- **Task statement**
All pictures must be dropped, while the entries are given again word for word.

- **Data in this exercise**
#####

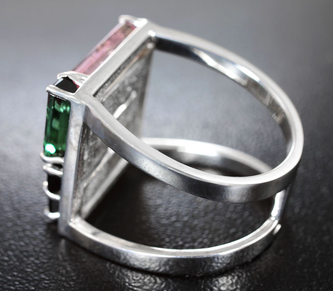Вашему вниманию предлагается кольцо из стерлингового серебра (925 проба) c разноцветными турмалинами! Площадка 17 х 17 мм, высота 4 мм. Вес изделия 7,9 г. Размер 18,25. Ниже приводятся ювелирные характеристики вставок.
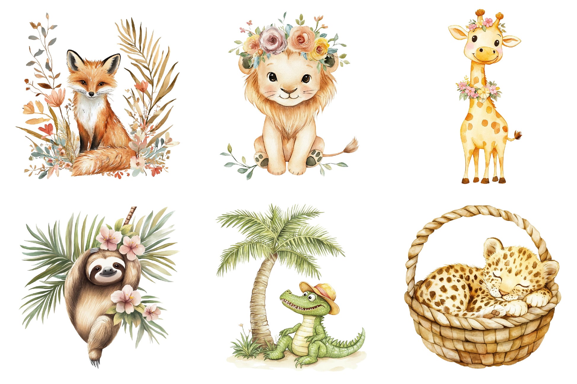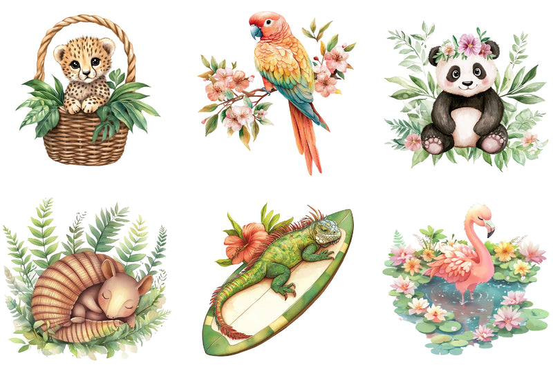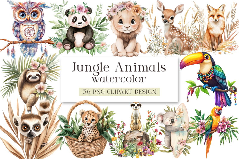 Transform your projects with this delightful collection of bohemian jungle animals, ideal for summer-themed invitations, scrapbooking, and more.
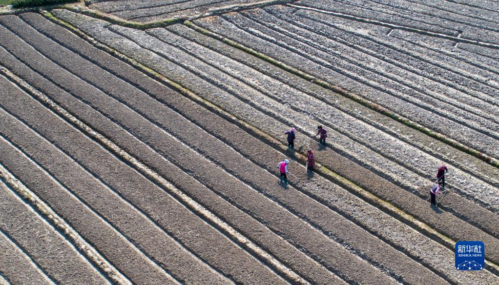 2月27日,湖南省懷化市通道侗族自治縣菁蕪洲鎮江口村村民在整理田地(無(wú)人機照片)。
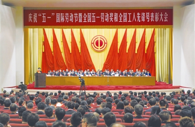 本报北京4月27日电 (记者郑莉 张锐)庆祝“五一”国际劳动节暨全国五一劳动奖和全国工人先锋号表彰大会今天在北京人民大会堂举行。中共中央政治局委员、中华全国总工会主席李建国出席大会并讲话。
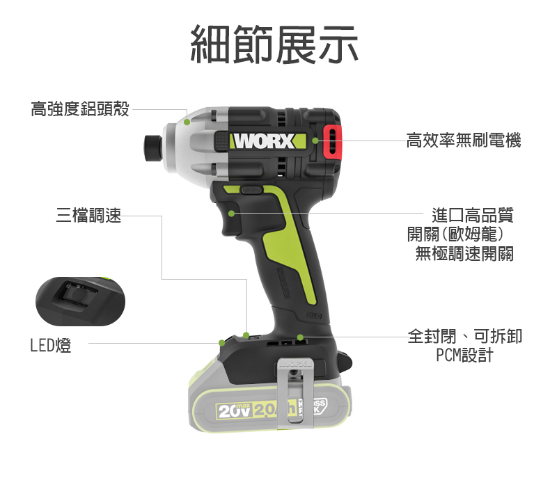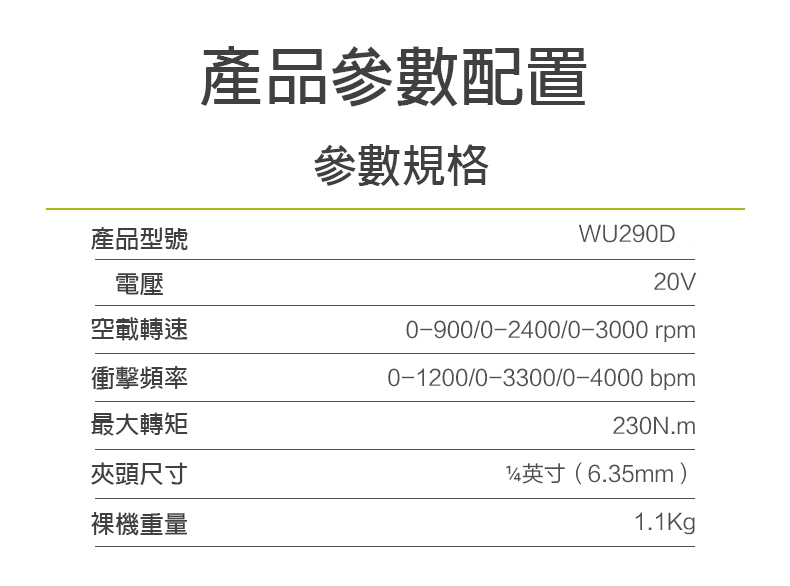 威克士|WU290D 鋰電無刷衝擊起子(230Nm)
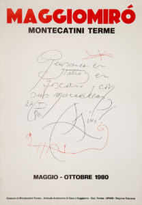 MIRO Joan (1893 - 1983)Affiche dédicacée au photographe Jesse Fernandez Stylo sur affiche de l'exposition Maggiomiro, tenue en 1980 en Toscane 49.5 x 34.5 cm 1931/64 x 13 37/64 in. PROVENANCE Succession privée Jesse FernandezPoster dedicated to...

#####

- **Output for this exercise**
Вашему вниманию предлагается кольцо из стерлингового серебра (925 проба) c разноцветными турмалинами! Площадка 17 х 17 мм, высота 4 мм. Вес изделия 7,9 г. Размер 18,25. Ниже приводятся ювелирные характеристики вставок.
 Transform your projects with this delightful collection of bohemian jungle animals, ideal for summer-themed invitations, scrapbooking, and more.
 2月27日,湖南省懷化市通道侗族自治縣菁蕪洲鎮江口村村民在整理田地(無(wú)人機照片)。
 本报北京4月27日电 (记者郑莉 张锐)庆祝“五一”国际劳动节暨全国五一劳动奖和全国工人先锋号表彰大会今天在北京人民大会堂举行。中共中央政治局委员、中华全国总工会主席李建国出席大会并讲话。
 威克士|WU290D 鋰電無刷衝擊起子(230Nm)
 MIRO Joan (1893 - 1983)Affiche dédicacée au photographe Jesse Fernandez Stylo sur affiche de l'exposition Maggiomiro, tenue en 1980 en Toscane 49.5 x 34.5 cm 1931/64 x 13 37/64 in. PROVENANCE Succession privée Jesse FernandezPoster dedicated to...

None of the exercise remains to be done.